If your system fully boots, but will not write a crash dump, it’s a fair chance you have a hung processor or something. Crash dumps run with all interrupts disabled, with a single processor doing polling of the disk controller completion (one reason the storage miniport model is strange is so it still works in this extremely limited execution environment).
A plus of an ETW trace is you can have a bunch of structured data, and if you only want to see the data recently before a crash, you can specify circular in-memory buffers, and new events just keep overwriting old events, with the circular buffers in the crash dump. You can run a system for days/weeks logging to the circular buffer. You can also flip a switch and log many gigabytes of events to disk, saving every event. You also will need some of the tools to decode ETW traces. Even though it’s a bit slow, Microsoft’s Message Analyzer has among the best filtering (expressions). MA is kind of memory inefficient too, million event traces are ok, but 100 million events traces aren’t. Microsoft Performance Toolkit tools also analyzes ETW traces, and sometimes it has a really useful view of the data, and other times it seems to just have almost useless views.

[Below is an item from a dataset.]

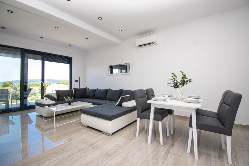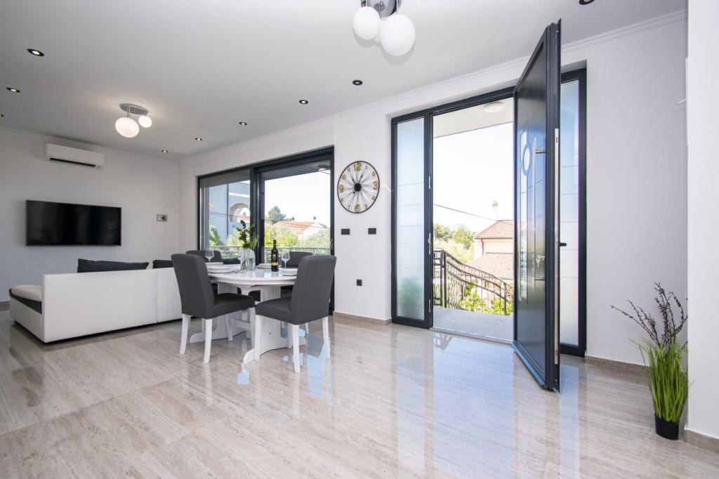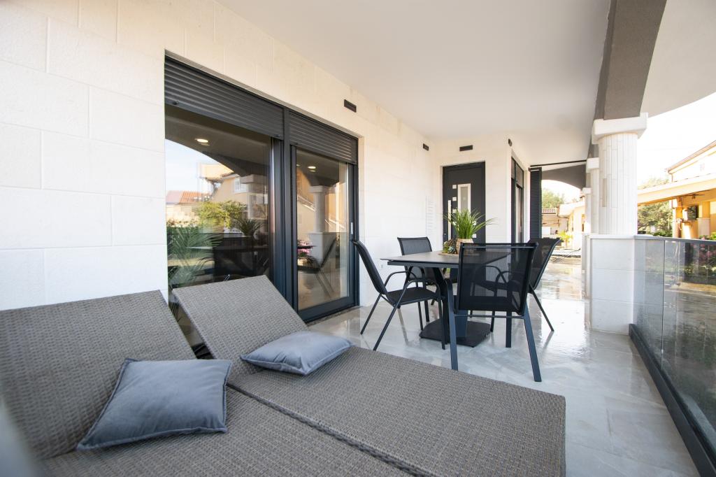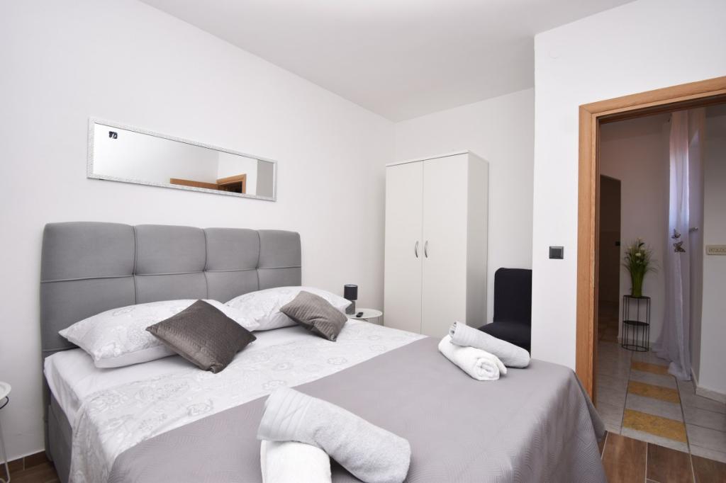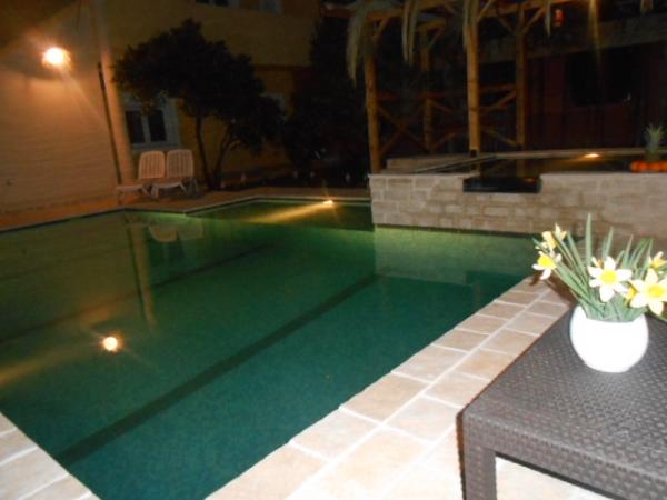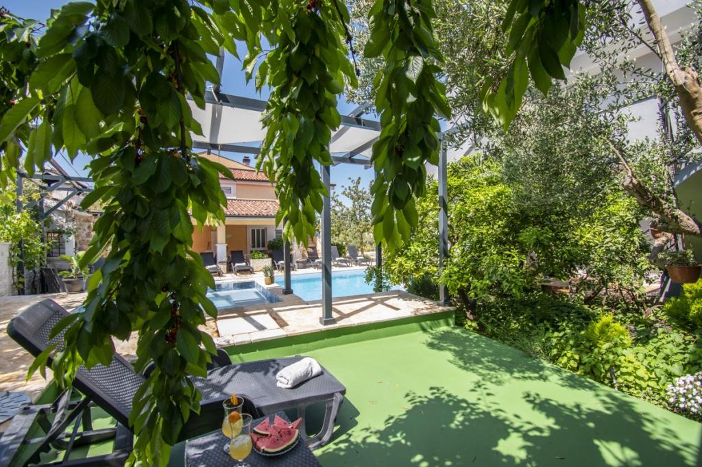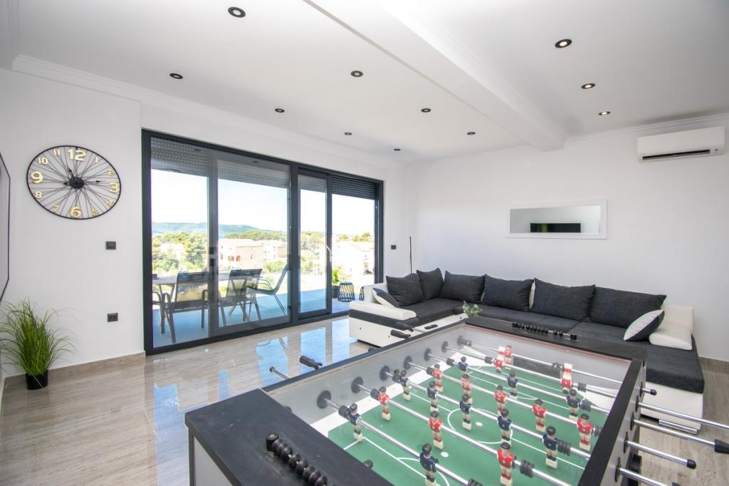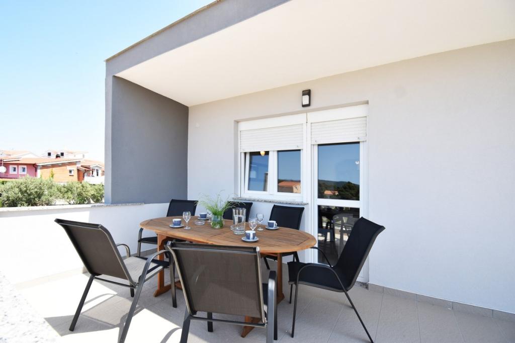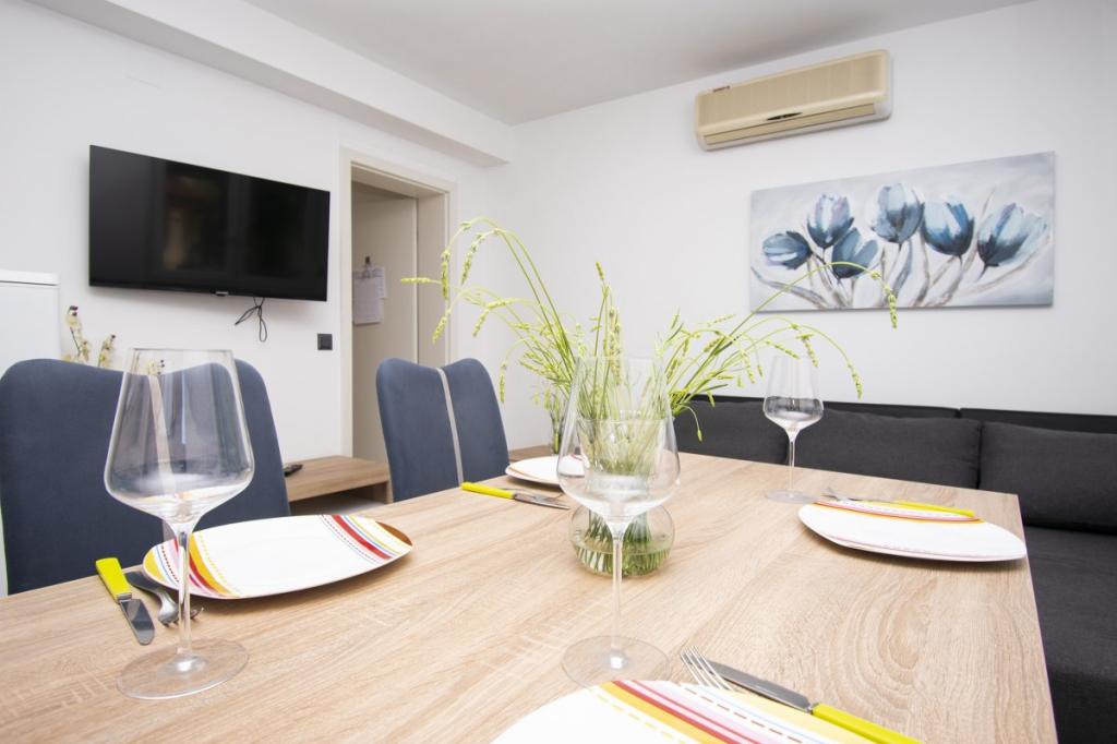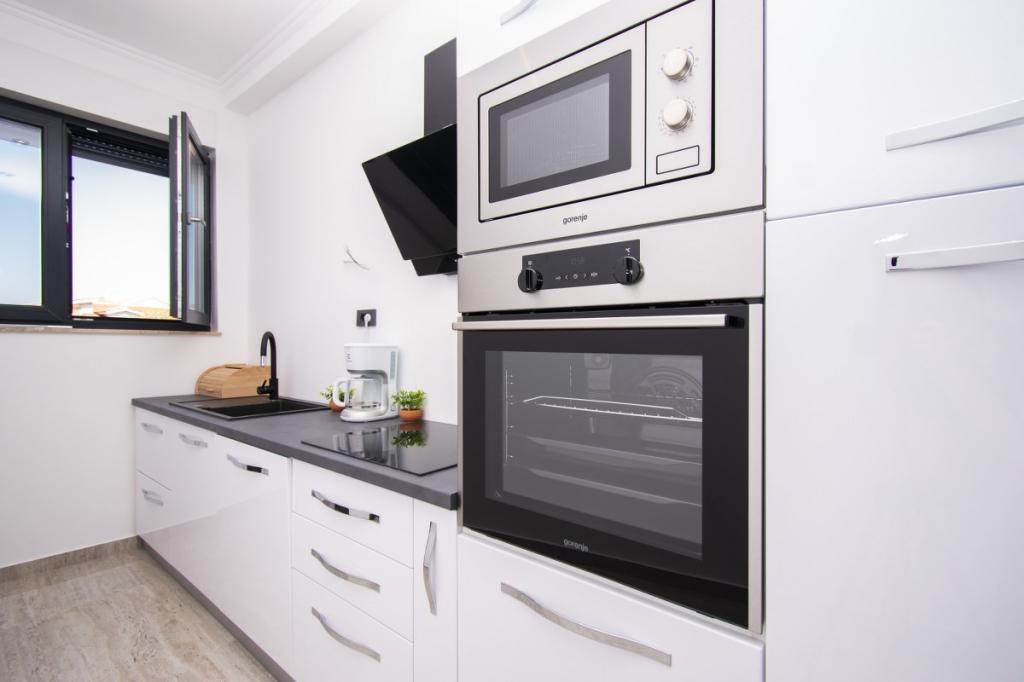 La maison pour 10 personnes avec piscine et jacuzzi est située dans un quartier calme de Brodarica, entourée de verdure et de fleurs. Les deux premiers appartements sont au rez-de-chaussée, l'un de 45 m2 et l'autre de 50 m2. Chaque appartement dispose d'une chambre double, d'une cuisine, d'un canapé-lit, d'une salle de bain et d'une terrasse avec table et chaises. Le troisième appartement de 90 m2, situé au premier étage, dispose de deux grandes chambres doubles, d'un grand salon, d'une cuisine, d'une salle de bain et d'une terrasse de 45 m2 avec table et chaises. Il convient à une famille et à des amis légèrement plus nombreux. L'appartement est climatisé. Le quatrième appartement est luxueusement agencé, d'environ 100m2, dispose d'un grand séjour, d'une cuisine entièrement équipée, d'une grande pièce avec télévision et climatisation, l'appartement dispose également d'un sauna. il y a un jacuzzi avec une grande terrasse sur le toit. chaque appartement dispose de la climatisation et chaque chambre dispose également d'une télévision. La piscine est partagée. La maison est à 5-6 minutes à pied de la mer. À côté de la maison, il y a deux autres appartements, l'un de 110 m2 luxueusement meublé et l'autre de 55 m2.

A HUGE plus of ETW traces is also the OS had hundreds of event providers built-in, so you can get unified traces of OS events along with your driver events. I’m a huge fan of ETW tracing, and even though the TraceLogging flavor has more overhead than the manifest flavor, I generally use the TraceLogging flavor because it’s just a lot easier to add new events. ETW also includes the correlation id feature, which is not well explained, but incredibly useful for making logical sense of the raw events (like associating a specific interrupt with its originating specific I/O operation).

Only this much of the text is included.